After Los Angeles-based CityView completes an eight-story, 378-unit apartment complex at 37 8th Avenue this month, developers say construction on the next phase won’t begin anytime soon, according to the San Francisco Business Times.
Mike Ghielmetti, president of Oakland’s Signature Development Group, said future construction for the project is on hold.
“There are no apartments starting anywhere right now,” Ghielmetti told the newspaper, citing the economic challenges facing commercial real estate. “The Bay Area is a great place and we’ll come back very strong.”
Brooklyn Basin, Oakland’s largest active project, is slated to bring more than 3,700 homes and 200,000 square feet of offices, shops and restaurants next to 30 acres of open space along Oakland’s estuary.
The project, approved in 2006, has completed six of its planned apartment buildings, for a total 1,572 units.
Meanwhile, the number of apartments built across Oakland in the past seven years has grown by thousands of units, with more than 15 buildings popping up in Uptown and Downtown Oakland.
With the influx of supply, landlords of apartment buildings are trying to out-bid each other with rent promotions and concessions to attract tenants.

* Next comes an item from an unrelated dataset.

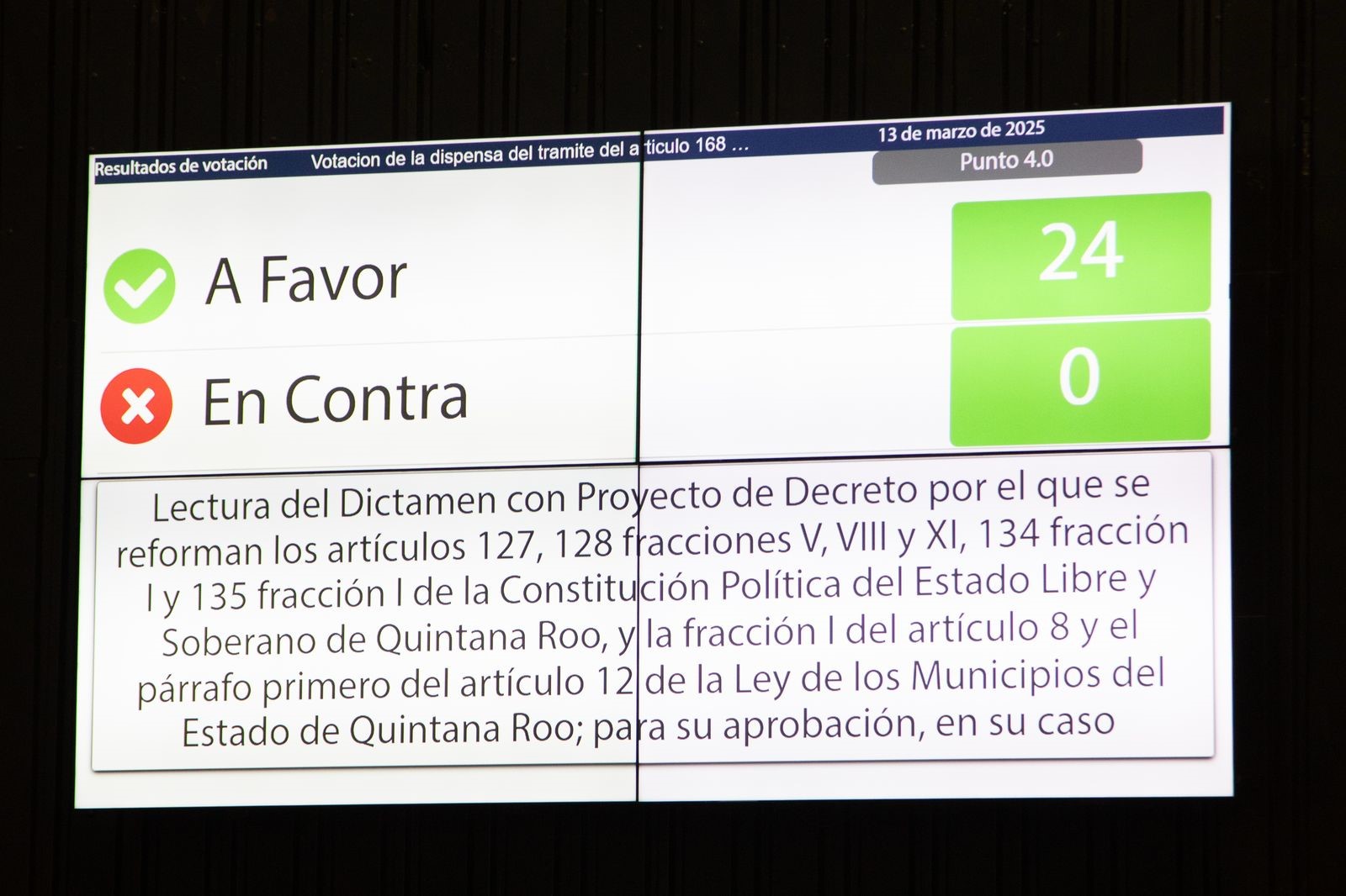 En la sesión, todas las bancadas del Congreso del Estado dieron su respaldo absoluto con un contundente 24 votos a favor y 0 en contra, en lo general y en lo particular, al Dictamen con Proyecto de Decreto que reforma los Artículos 127, 128 fracciones V, VIII y XI, 134 fracción I y 135 fracción I de la Constitución Política del Estado Libre y Soberano de Quintana Roo, y la fracción I del Artículo 8 y el párrafo primero del Artículo 12 de la Ley de los Municipios del Estado de Quintana Roo.

With another 2,000 residential apartments planned for the area, Ghielmetti said he’s not “overly worried” about the rental market in Oakland.
“Anything that started today wouldn’t be delivered for two to three years. We’re not overly worried about the supply,” Ghielmetti told the Business Times. “Oakland will absorb a lot of its supply over the next probably 12 months, and so we don’t think that supply overhang will be there in two years.”
Signature Development, in partnership with Chinese investor Zarsion Holdings Group, has gradually sold off parcels of Brooklyn Basin to other developers, which expanded the project scope by 600 units. The developers agreed to pay the Oakland Community Land Trust $9 million to go toward affordable housing.
Ghielmetti said permits have been secured for parcels D, E and H, but construction is on hold indefinitely.
The stalled projects include a plan by Sacramento-based Anton DevCo to build an eight-story, 243-unit apartment building on parcel D and a plan by Signature to build a 280-unit apartment building with 24,000 square feet of shops on Parcel H.
Washington-based SRM Development also plans to build a seven-story, 191-unit senior housing complex with 36 memory care units on parcel E.
With Oakland office vacancies at an all-time high, Signature last month sold a Downtown Oakland site approved for an 11-story office building for $3 million.